### GIVEN DATA ###

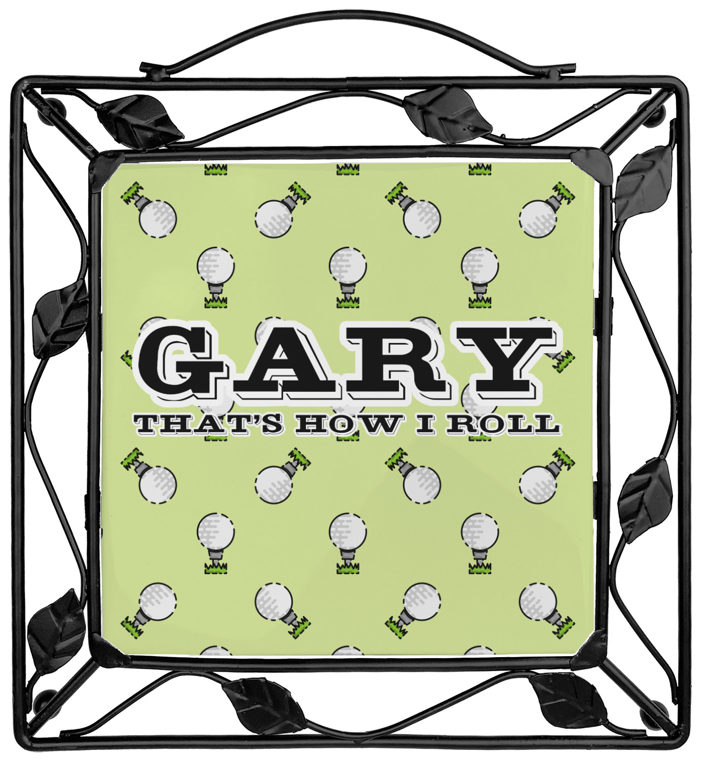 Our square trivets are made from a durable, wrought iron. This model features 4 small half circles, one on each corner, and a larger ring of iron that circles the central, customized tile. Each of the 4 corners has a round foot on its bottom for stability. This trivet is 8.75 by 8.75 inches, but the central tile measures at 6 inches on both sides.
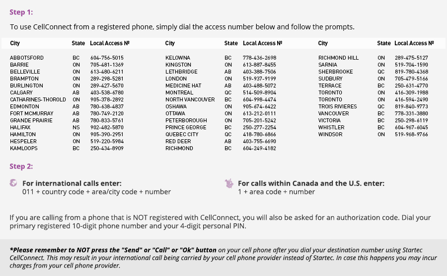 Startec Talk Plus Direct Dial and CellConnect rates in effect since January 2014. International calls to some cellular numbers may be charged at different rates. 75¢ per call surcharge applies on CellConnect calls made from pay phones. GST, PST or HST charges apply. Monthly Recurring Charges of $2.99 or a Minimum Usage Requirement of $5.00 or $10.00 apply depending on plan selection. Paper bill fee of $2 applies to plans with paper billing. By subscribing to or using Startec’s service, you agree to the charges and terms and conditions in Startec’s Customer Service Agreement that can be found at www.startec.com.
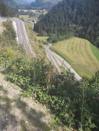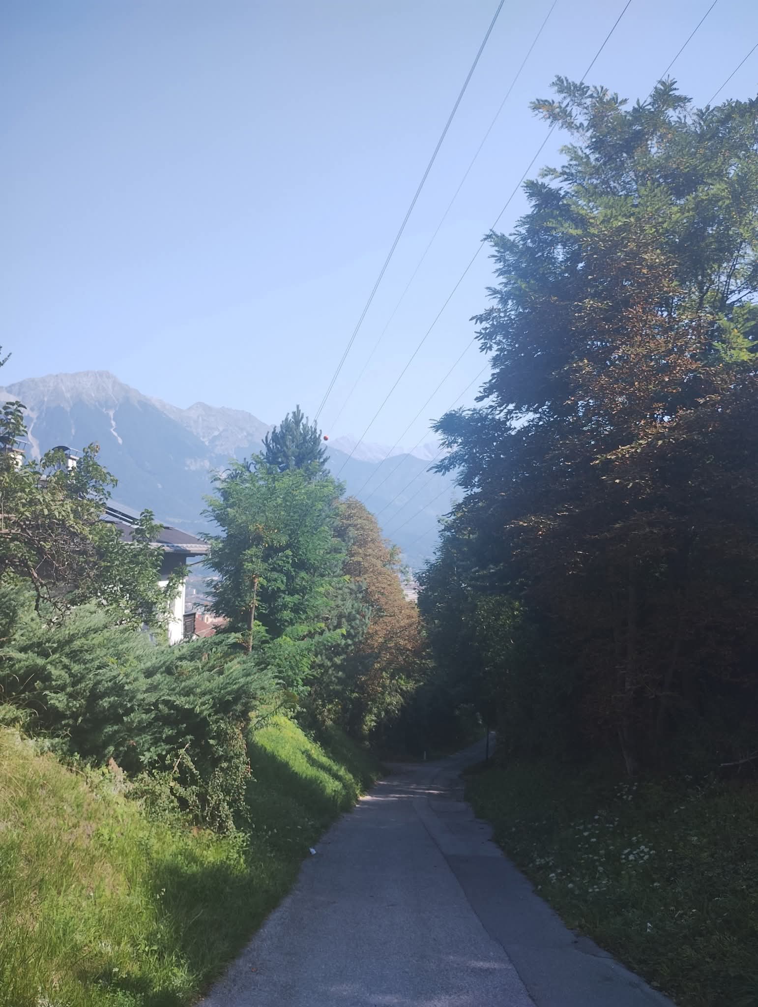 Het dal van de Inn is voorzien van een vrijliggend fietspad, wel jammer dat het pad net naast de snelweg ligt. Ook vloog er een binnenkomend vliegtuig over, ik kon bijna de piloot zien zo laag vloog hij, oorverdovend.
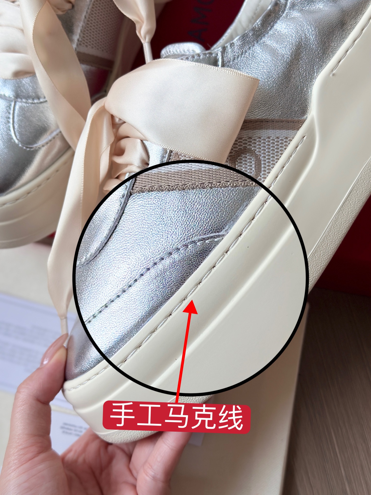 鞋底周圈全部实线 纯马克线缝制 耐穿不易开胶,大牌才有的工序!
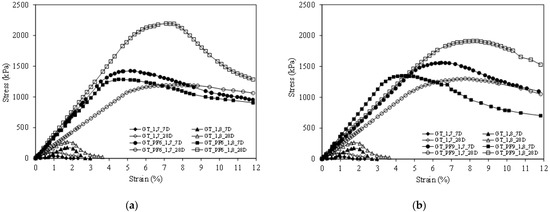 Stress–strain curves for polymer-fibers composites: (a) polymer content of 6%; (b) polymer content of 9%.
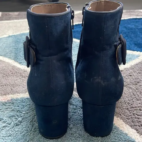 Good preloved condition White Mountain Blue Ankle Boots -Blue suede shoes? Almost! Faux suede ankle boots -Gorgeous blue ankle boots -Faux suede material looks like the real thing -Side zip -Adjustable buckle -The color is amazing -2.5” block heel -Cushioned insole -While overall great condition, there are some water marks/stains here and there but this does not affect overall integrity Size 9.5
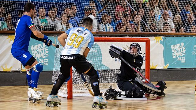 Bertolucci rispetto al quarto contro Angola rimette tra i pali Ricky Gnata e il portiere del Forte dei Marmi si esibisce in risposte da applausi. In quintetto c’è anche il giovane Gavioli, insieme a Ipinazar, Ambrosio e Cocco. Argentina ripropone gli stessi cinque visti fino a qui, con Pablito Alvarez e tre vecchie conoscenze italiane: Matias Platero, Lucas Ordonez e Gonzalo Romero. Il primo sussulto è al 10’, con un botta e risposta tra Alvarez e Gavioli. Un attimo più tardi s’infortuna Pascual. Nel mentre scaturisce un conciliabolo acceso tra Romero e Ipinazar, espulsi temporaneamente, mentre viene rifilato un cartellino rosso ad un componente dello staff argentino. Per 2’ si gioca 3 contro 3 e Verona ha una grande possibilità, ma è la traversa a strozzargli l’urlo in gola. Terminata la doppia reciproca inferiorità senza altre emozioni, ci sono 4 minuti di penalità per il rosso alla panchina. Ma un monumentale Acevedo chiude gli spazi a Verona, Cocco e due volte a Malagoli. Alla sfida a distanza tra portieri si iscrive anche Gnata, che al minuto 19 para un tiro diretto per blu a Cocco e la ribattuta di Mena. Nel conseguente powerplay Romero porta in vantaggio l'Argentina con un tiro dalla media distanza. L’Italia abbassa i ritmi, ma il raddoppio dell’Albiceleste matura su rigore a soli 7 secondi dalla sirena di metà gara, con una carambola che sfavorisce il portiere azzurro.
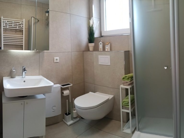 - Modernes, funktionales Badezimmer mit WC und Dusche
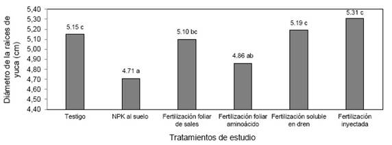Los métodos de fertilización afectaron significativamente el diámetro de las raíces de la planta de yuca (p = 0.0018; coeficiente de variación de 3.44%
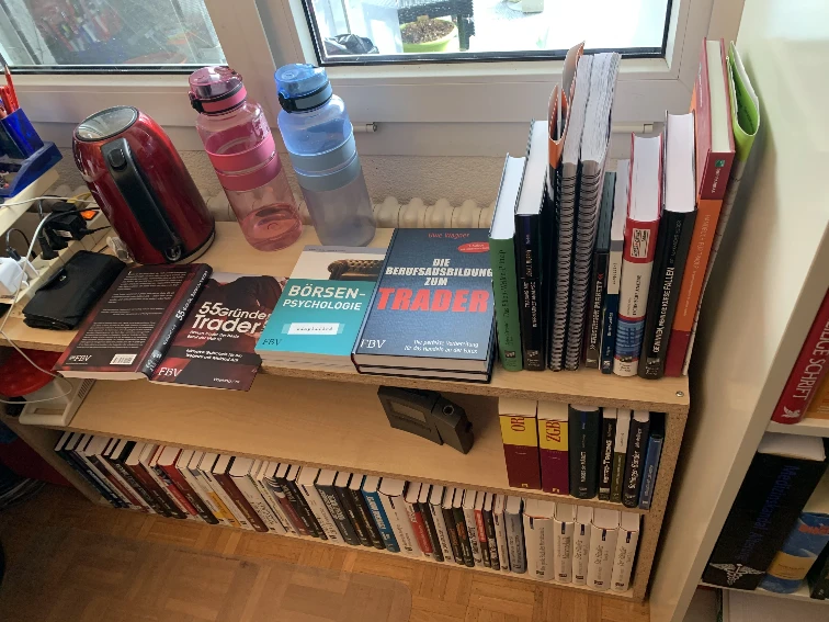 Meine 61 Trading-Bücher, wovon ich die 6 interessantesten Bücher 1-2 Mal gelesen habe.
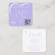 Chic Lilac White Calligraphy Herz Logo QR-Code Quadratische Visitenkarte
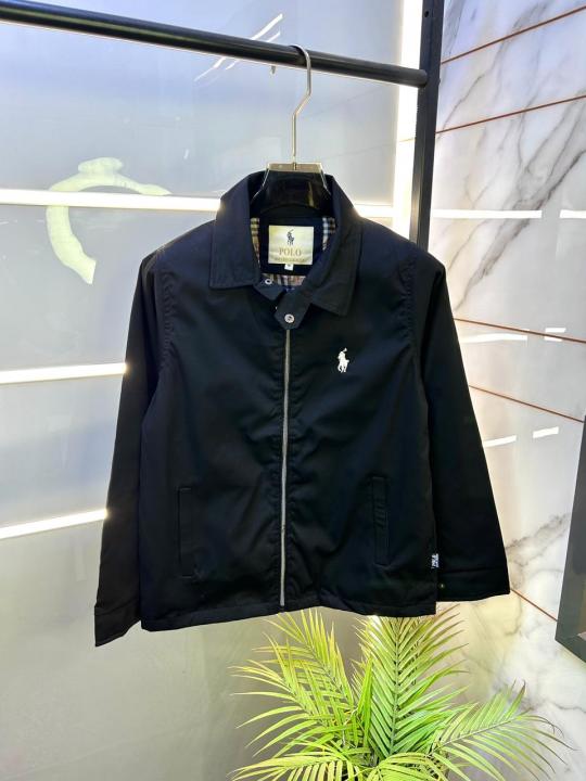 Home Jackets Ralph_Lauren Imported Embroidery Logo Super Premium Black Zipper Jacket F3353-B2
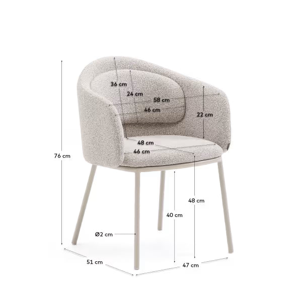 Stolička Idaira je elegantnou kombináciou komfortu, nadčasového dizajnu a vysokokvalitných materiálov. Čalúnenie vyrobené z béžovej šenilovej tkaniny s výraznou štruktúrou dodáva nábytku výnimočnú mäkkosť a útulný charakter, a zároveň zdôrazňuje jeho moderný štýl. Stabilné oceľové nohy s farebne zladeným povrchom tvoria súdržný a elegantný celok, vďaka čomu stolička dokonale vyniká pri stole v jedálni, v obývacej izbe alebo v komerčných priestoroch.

###

**TASK REQUIREMENTS**
Your job is to copy each entry exactly as written; the pictures do not go in.

**SOLUTION FOR THIS EXERCISE**
 Our square trivets are made from a durable, wrought iron. This model features 4 small half circles, one on each corner, and a larger ring of iron that circles the central, customized tile. Each of the 4 corners has a round foot on its bottom for stability. This trivet is 8.75 by 8.75 inches, but the central tile measures at 6 inches on both sides.
 Startec Talk Plus Direct Dial and CellConnect rates in effect since January 2014. International calls to some cellular numbers may be charged at different rates. 75¢ per call surcharge applies on CellConnect calls made from pay phones. GST, PST or HST charges apply. Monthly Recurring Charges of $2.99 or a Minimum Usage Requirement of $5.00 or $10.00 apply depending on plan selection. Paper bill fee of $2 applies to plans with paper billing. By subscribing to or using Startec’s service, you agree to the charges and terms and conditions in Startec’s Customer Service Agreement that can be found at www.startec.com.
 Het dal van de Inn is voorzien van een vrijliggend fietspad, wel jammer dat het pad net naast de snelweg ligt. Ook vloog er een binnenkomend vliegtuig over, ik kon bijna de piloot zien zo laag vloog hij, oorverdovend.
 鞋底周圈全部实线 纯马克线缝制 耐穿不易开胶,大牌才有的工序!
 Stress–strain curves for polymer-fibers composites: (a) polymer content of 6%; (b) polymer content of 9%.
 Good preloved condition White Mountain Blue Ankle Boots -Blue suede shoes? Almost! Faux suede ankle boots -Gorgeous blue ankle boots -Faux suede material looks like the real thing -Side zip -Adjustable buckle -The color is amazing -2.5” block heel -Cushioned insole -While overall great condition, there are some water marks/stains here and there but this does not affect overall integrity Size 9.5
 Bertolucci rispetto al quarto contro Angola rimette tra i pali Ricky Gnata e il portiere del Forte dei Marmi si esibisce in risposte da applausi. In quintetto c’è anche il giovane Gavioli, insieme a Ipinazar, Ambrosio e Cocco. Argentina ripropone gli stessi cinque visti fino a qui, con Pablito Alvarez e tre vecchie conoscenze italiane: Matias Platero, Lucas Ordonez e Gonzalo Romero. Il primo sussulto è al 10’, con un botta e risposta tra Alvarez e Gavioli. Un attimo più tardi s’infortuna Pascual. Nel mentre scaturisce un conciliabolo acceso tra Romero e Ipinazar, espulsi temporaneamente, mentre viene rifilato un cartellino rosso ad un componente dello staff argentino. Per 2’ si gioca 3 contro 3 e Verona ha una grande possibilità, ma è la traversa a strozzargli l’urlo in gola. Terminata la doppia reciproca inferiorità senza altre emozioni, ci sono 4 minuti di penalità per il rosso alla panchina. Ma un monumentale Acevedo chiude gli spazi a Verona, Cocco e due volte a Malagoli. Alla sfida a distanza tra portieri si iscrive anche Gnata, che al minuto 19 para un tiro diretto per blu a Cocco e la ribattuta di Mena. Nel conseguente powerplay Romero porta in vantaggio l'Argentina con un tiro dalla media distanza. L’Italia abbassa i ritmi, ma il raddoppio dell’Albiceleste matura su rigore a soli 7 secondi dalla sirena di metà gara, con una carambola che sfavorisce il portiere azzurro.
 - Modernes, funktionales Badezimmer mit WC und Dusche
Los métodos de fertilización afectaron significativamente el diámetro de las raíces de la planta de yuca (p = 0.0018; coeficiente de variación de 3.44%
 Meine 61 Trading-Bücher, wovon ich die 6 interessantesten Bücher 1-2 Mal gelesen habe.
 Chic Lilac White Calligraphy Herz Logo QR-Code Quadratische Visitenkarte
 Home Jackets Ralph_Lauren Imported Embroidery Logo Super Premium Black Zipper Jacket F3353-B2
 Stolička Idaira je elegantnou kombináciou komfortu, nadčasového dizajnu a vysokokvalitných materiálov. Čalúnenie vyrobené z béžovej šenilovej tkaniny s výraznou štruktúrou dodáva nábytku výnimočnú mäkkosť a útulný charakter, a zároveň zdôrazňuje jeho moderný štýl. Stabilné oceľové nohy s farebne zladeným povrchom tvoria súdržný a elegantný celok, vďaka čomu stolička dokonale vyniká pri stole v jedálni, v obývacej izbe alebo v komerčných priestoroch.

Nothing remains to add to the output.